1.1 Preparing your environment for R

The Institute and Faculty of Actuaries have provided their own guide to getting up and running with R.

The steps to have R working is dependant on your operating system. The following resources should allow for your local installation of R to be relatively painless:

  1. Download and install R from CRAN1.
  2. Download and install an integrated development environment, a strong recommendation is RStudio Desktop.
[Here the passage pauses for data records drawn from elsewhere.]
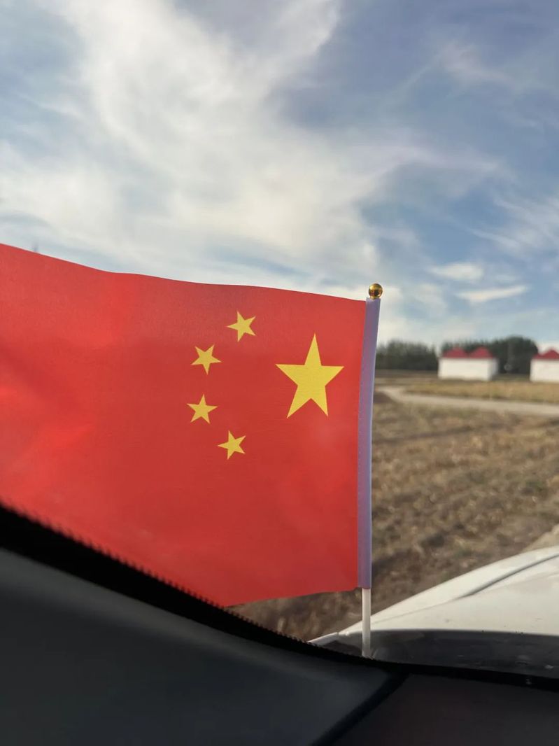 车上也插上了小红旗,知农爱农,国旗永远能给一种力量。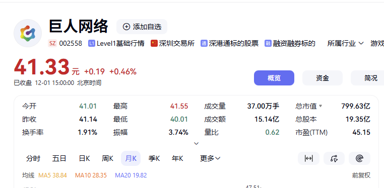 震惊游戏圈:一个爆款,让巨人网络市值暴涨226%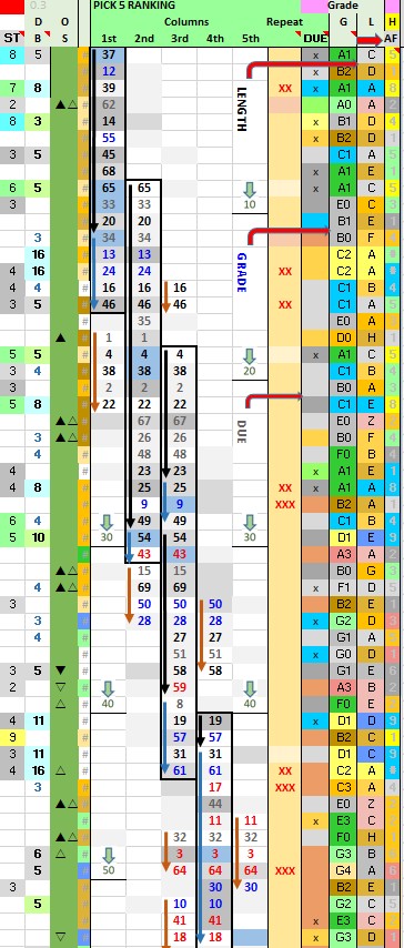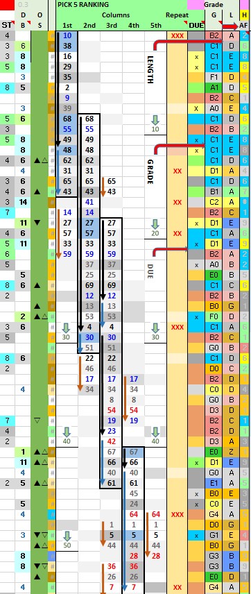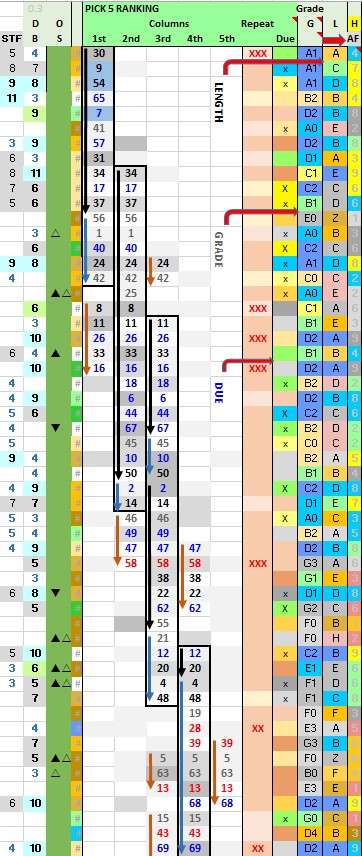 Always include two or three numbers with BEST Grade background Colors (Yellow, Blue, or Green in the “G” column). Refer to CHEAT SHEET Table to determine best combinations (GRADE & LENGTH) or overdue characteristics.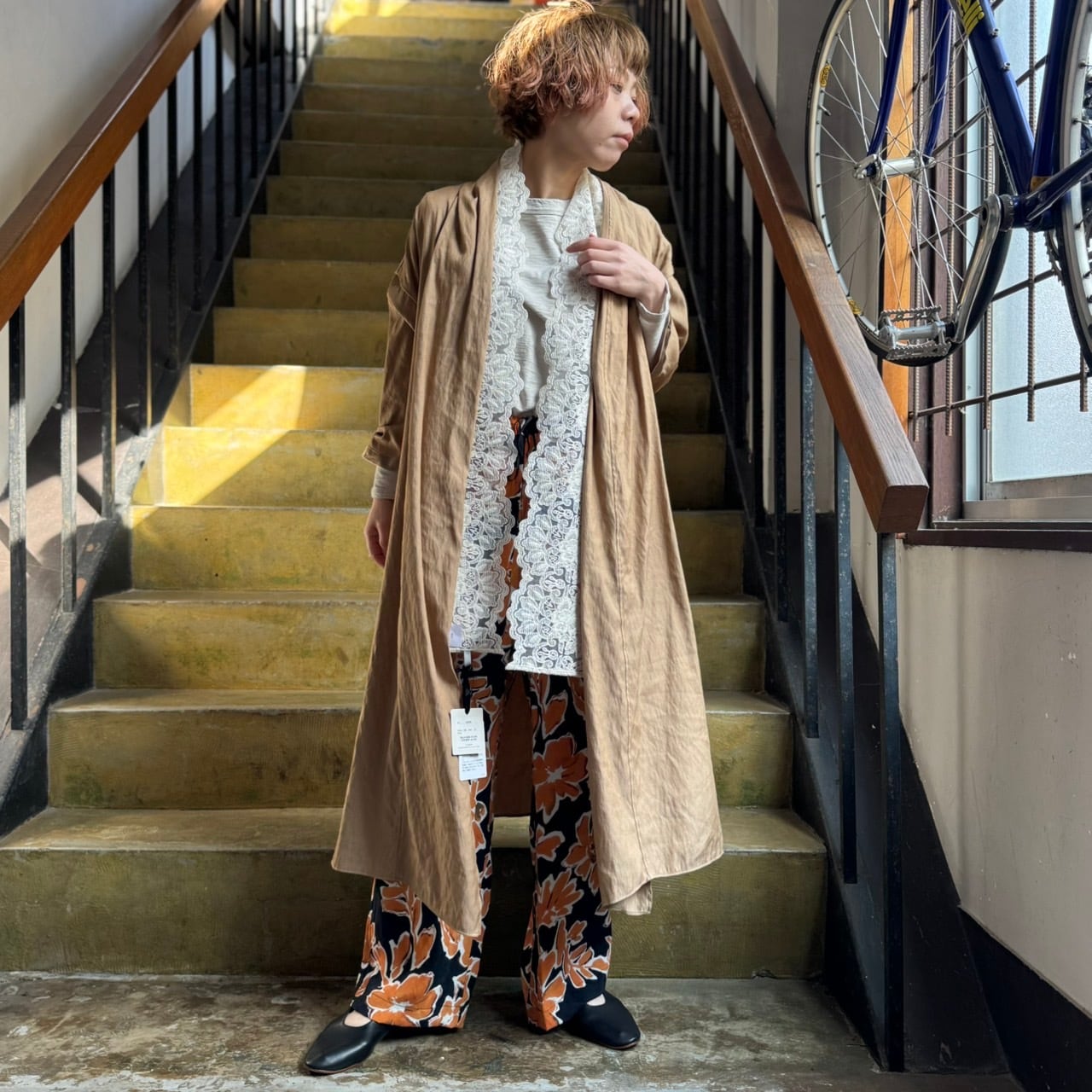 シンプルなTシャツやローブからチラリ覗かせコーデで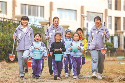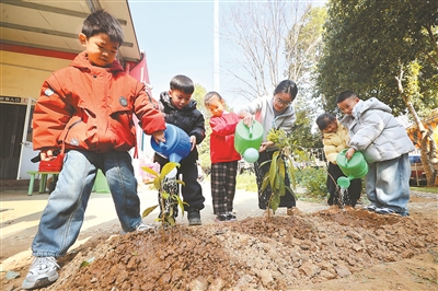 3月11日,在浙江省湖州市吴兴区埭溪镇中心幼儿园,小朋友和老师一起给刚栽种的树苗浇水。何伟卫 摄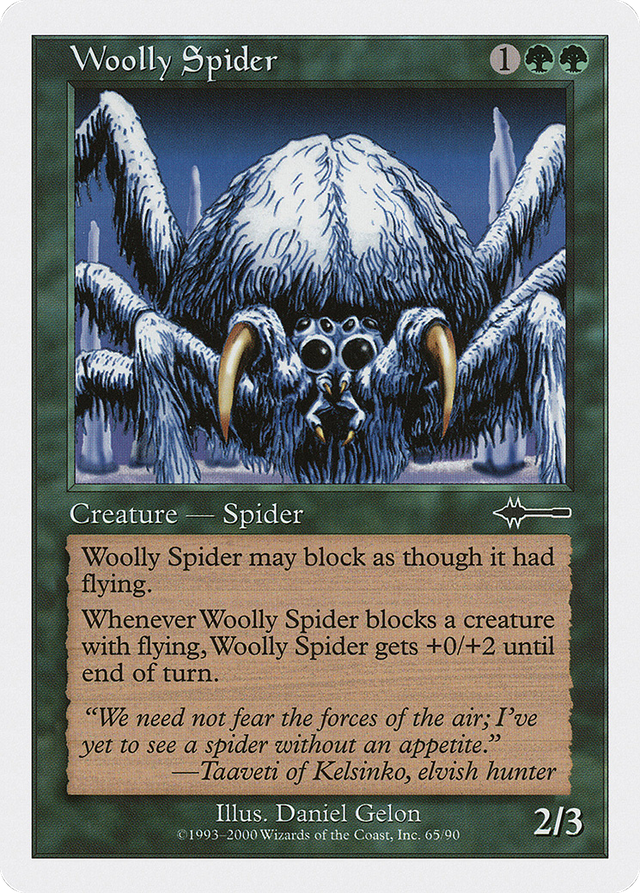Whenever Woolly Spider blocks a creature with flying, Woolly Spider gets +0/+2 until end of turn.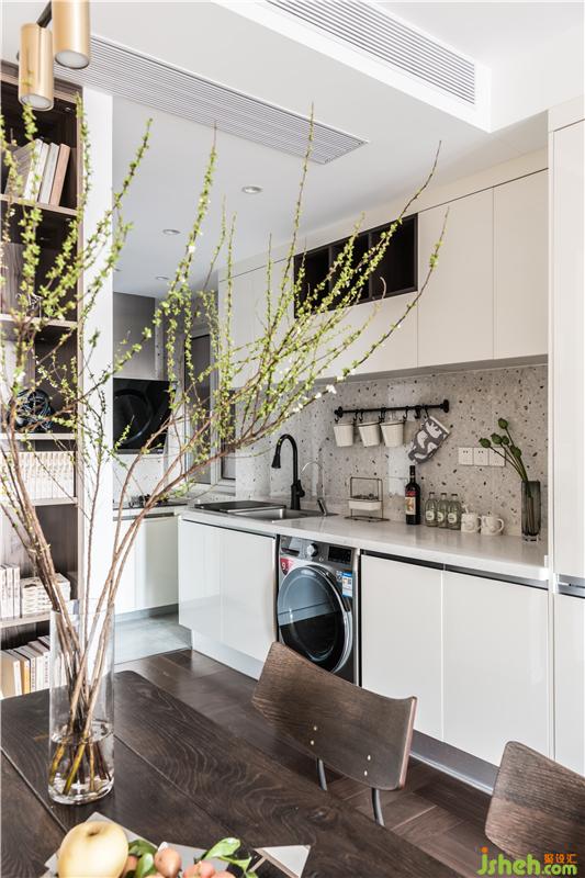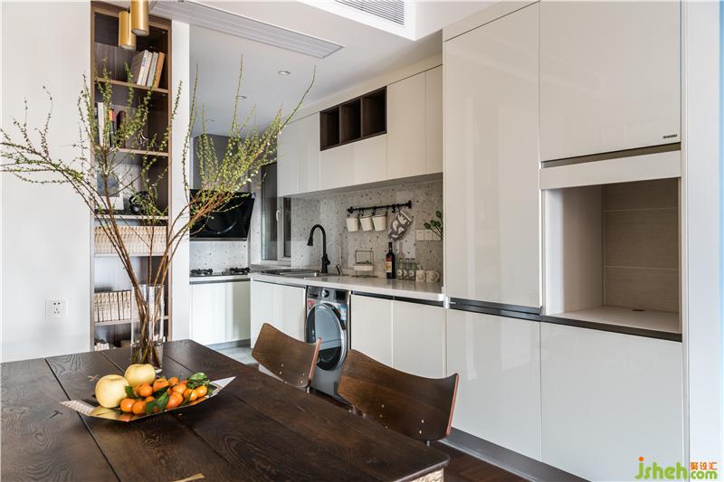 廚房設(shè)計(jì)中臺面和柜體全部使用了白色,這樣做的原因一是做到很好的反光效果,增加空間采光,面板的材質(zhì)采用烤漆板,質(zhì)感不錯(cuò)的同時(shí)耐磨耐用。西廚水槽旁邊設(shè)計(jì)了三排插座,解決廚房電器的電源需求,而洗碗機(jī)和洗衣機(jī)都做了嵌入式設(shè)計(jì),放進(jìn)西廚下方的柜子里,節(jié)省空間使用便捷。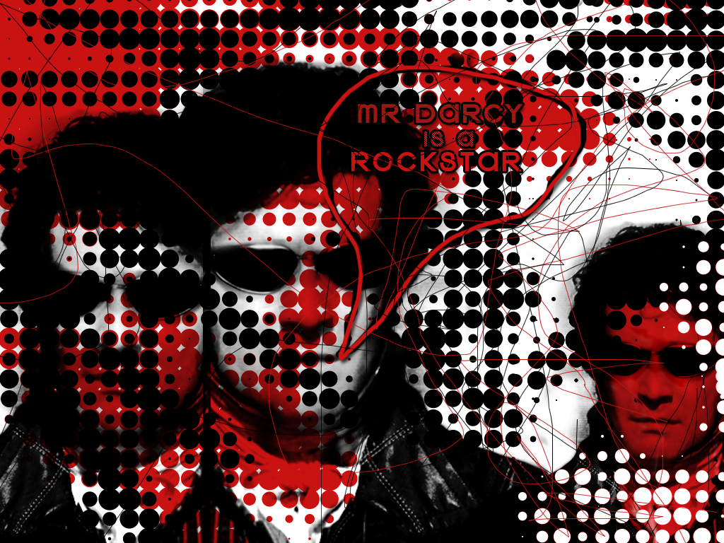 Gestern war mir dann sehr langweilig. Heraus kam, dass Mr Darcy ein Rockstar ist. Das darf man jetzt nicht so ernst nehmen. Das ist eine Anspielung auf die Darcyfans und außerdem ist das Wort „Rockstar“ auch nicht mehr das, was es einmal war. Es gibt sogar einen Webring „for pages that rock“, jedes Mitglied hat dann ein Bild mit „I’m a rockstar“ auf seiner Seite. Sehr originell. Jedenfalls ist Mr Darcy auch ein Rockstar. :) Ein bisschen manipuliert ist da schon, die Sonnenbrille war eigentlich da nicht und die Jacke ist auch verändert.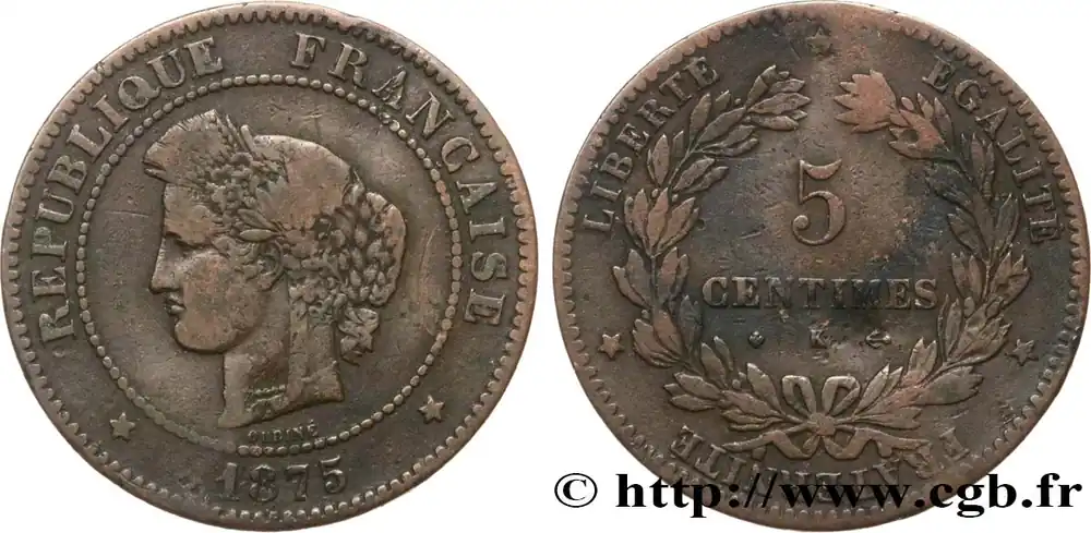 Type : 5 centimes CérèsDate : 1875Nom de l’atelier/ville : BordeauxQuantité frappée : 760000Métal : bronzeDiamètre : 25 mmAxe des coins : 6 h.Poids : 4,71 g.Tranche : lisseDegré de rareté : R1Référence ouvrage :Classement FRANC 2023 / FRANC 2023 classificationF.118/12AversTitulature avers : REPUBLIQUE FRANÇAISE// *1875*.Description avers : Tête de Cérès à gauche couronnée d’épis avec un bandeau inscrit CONCOR ; au-dessous signé OUDINÉ.ReversTitulature revers : *LIBERTÉ* ÉGALITÉ* FRATERNITÉ.Description revers : 5/ CENTIMES/ K dans une couronne formée d’une branche d’olivier et d’une branche de laurier.HistoriqueTROISIÈME RÉPUBLIQUE(4/09/1870-10/07/1940) La nouvelle de la capitulation de Sedan provoque la révolution du 4 septembre 1870 à Paris. Proclamée à l’Hôtel de Ville, la République est dotée d’un gouvernement provisoire appelé gouvernement de la Défense nationale. Menacé à gauche par l’insurrection de la Commune et à droite par les monarchistes, le nouveau régime connaît des débuts difficiles. Chef du pouvoir exécutif dans un premier temps (février 1871), Thiers est chargé de réorganiser le pays avant de choisir sa forme de gouvernement. Il devient président de la République en août 1871 et, malgré son action de libération du territoire, doit quitter son poste en mars 1873 face à l’opposition royaliste. Il est alors remplacé par Mac-Mahon favorable au rétablissement de la monarchie mais celle-ci n’est pas restaurée à la suite de la question du drapeau. La loi du septennat est alors mise en place en novembre 1873 puis, en 1875, sont votées les lois fondamentales qui servent de Constitution à la Troisième République. Régime parlementaire, elle se caractérise notamment par la nette prépondérance du pouvoir législatif sur le pouvoir exécutif. Anticléricale, la Troisième République rend l’école gratuite, laïque et obligatoire mais continue la politique coloniale pour ses ambitions économiques, stratégiques et morales. La séparation des Églises et de l’État est votée en 1905. L’idée d’une revanche sur l’Allemagne et un nationalisme important sont au cœur de la crise boulangiste, du scandale de Panama ou de l’affaire Dreyfus des années 1886-1899 tandis que la politique étrangère est très active notamment au Maroc et que la course aux armements se développe. La Première Guerre mondiale coûte cher à la France qui ne se relève qu’à partir de 1920 voire 1928 pour la monnaie avec le franc « Poincaré ». La crise de 1929 ne se fait sentir qu’à partir de 1932 mais dure jusqu’en 1939, période durant laquelle l’instabilité ministérielle est très importante. Vacillant en 1934, la Troisième République trouve un nouveau ciment unitaire avec l’antifascisme qui permet l’arrivée au pouvoir du Front populaire en 1936. Mais, paralysée face à l’Allemagne, la France va alors s’enliser dans une « drôle de guerre » puis connaître l’une des plus grandes défaites de son histoire en juin 1940. Réunies en Assemblée nationale à Vichy le 10 juillet 1940, les Chambres, pourtant élues en 1936, votent les pleins pouvoirs à Pétain dans une sorte de suicide collectif par 569 voix pour, 80 voix contre et 18 abstentions.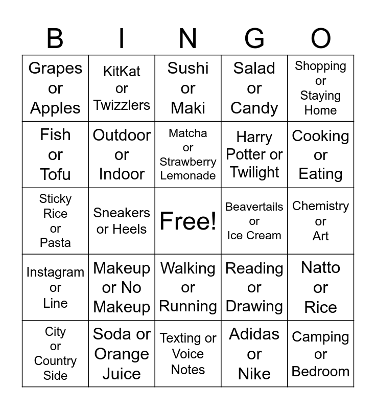 This bingo card has a free space and 29 words: City or Country Side, Disney or Netflix, Sneakers or Heels, Homeless or No Homeless, Grapes or Apples, Sushi or Maki, Outdoor or Indoor, Makeup or No Makeup, Beavertails or Ice Cream, Soda or Orange Juice, Chemistry or Art, Camping or Bedroom, Texting or Voice Notes, Adidas or Nike, Cooking or Eating, Inside out or Trolls, Walking or Running, Instagram or Line, Shopping or Staying Home, Sticky Rice or Pasta, Reading or Drawing, Studying or Movies, Harry Potter or Twilight, Fish or Tofu, Salad or Candy, KitKat or Twizzlers, Natto or Rice, Matcha or Strawberry Lemonade and Coffee or Tea.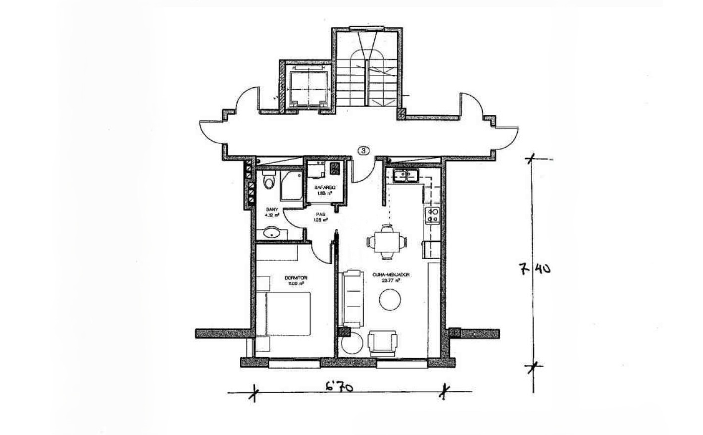 El inmueble, construido en 2008, se encuentra en la 3ª planta (última) de un edificio con ascensor y cuenta con 48 m² construidos, distribuidos en 1 habitación, 1 baño, comedor‑cocina y lavadero. Es una vivienda exterior, orientada al este, con calefacción individual, aire acondicionado y suministro de gas.

1.2 Basic interations with R

R is case-sensitive! We add comments to our R code using the # symbol on any line. A key concept when working with R is that the preference is to work with vectorised operations (over concepts like for loops). As an example we start with 1:10 which uses the colon operator (:) to generate a sequence starting with 1 and ending with 10 in steps of 1. The output is a numeric vector of integers. Let’s see this in R:

# This is the syntax for comments in R
(1:10) + 2 # Notice how we add element-wise in R
##  [1]  3  4  5  6  7  8  9 10 11 12

At the most basic level, R vectors can be of atomic modes:

  • integer,
  • numeric (equivalently, double),
  • logical which take on the Boolean types: TRUE or FALSE and can be coerced into integers as 1 and 0 respectively,
  • character which will be apparent in R with the wrapper "",
  • complex, and
  • raw

This book focuses on using R to solve actuarial statistical problems and will not explore the depths of the R language2. R has the usual arithmetic operators you’d expect with any programming language:

  • +, -, *, / for addition, subtraction, multiplication and division,
  • ^ for exponentiation,
  • %% for modulo arithmetic (remainder after division)
  • %/% for integer division

We assign values to variables using the <- (“assignment”) operator3.

x <- 1:10
y <- x + 2
x <- x + x # Notice that we can re-assign values to variables
z <- x + 2
y
##  [1]  3  4  5  6  7  8  9 10 11 12
z
##  [1]  4  6  8 10 12 14 16 18 20 22

Even though z is assigned the same way as we assigned y, note that yz so execution order matters in R. All of x, y and z are vectors in R.

1.3 Functions in R

We can add functions to R via the format function_name(arguments = values, ...):

# c() is the "combine" function, used often to create vectors
# Note we can also nest functions within functions
x <- c(1:3, 6:20, 21:42, c(43, 44))
# Another function with arguments:
y <- sample(x, size = 3)
y
## [1] 11 41 42

There are a lot of in-built functions in R that we may need:

  • factorial(x)
  • choose(n, k) - for binomial coefficients
  • exp(x)
  • log(x) - by default in base e
  • gamma(x)
  • abs(x) - absolute value
  • sqrt(x)
  • sum(x)
  • mean(x)
  • median(x)
  • var(x)
  • sd(x)
  • quantile(x, 0.75)
  • set.seed(seed) - for reproducibility of random number generation
  • sample(x, size)

R has an in-built help function ? which can be used to read the documentation on any function as well as topic areas. For example have a look at ?Special for more details about in-built R functions for the beta and gamma functions.

1.4 Data structures in R

We have already seen vectors as a data structure that is very common in R. We can identify the structure of an R “object” using the str(object) function.

Matrices

Next we introduce the matrix structure. When interacting with matrices in R it is important to note that matrix multiplication requires the %*% syntax:

first_matrix <- matrix(1:9, byrow = TRUE, nrow = 3)
first_matrix %*% first_matrix
##      [,1] [,2] [,3]
## [1,]   30   36   42
## [2,]   66   81   96
## [3,]  102  126  150

Dataframes

A data.frame is a very popular data structure used in R. Each input variable has to have the same length but can be of different types (strings, integers, booleans, etc.).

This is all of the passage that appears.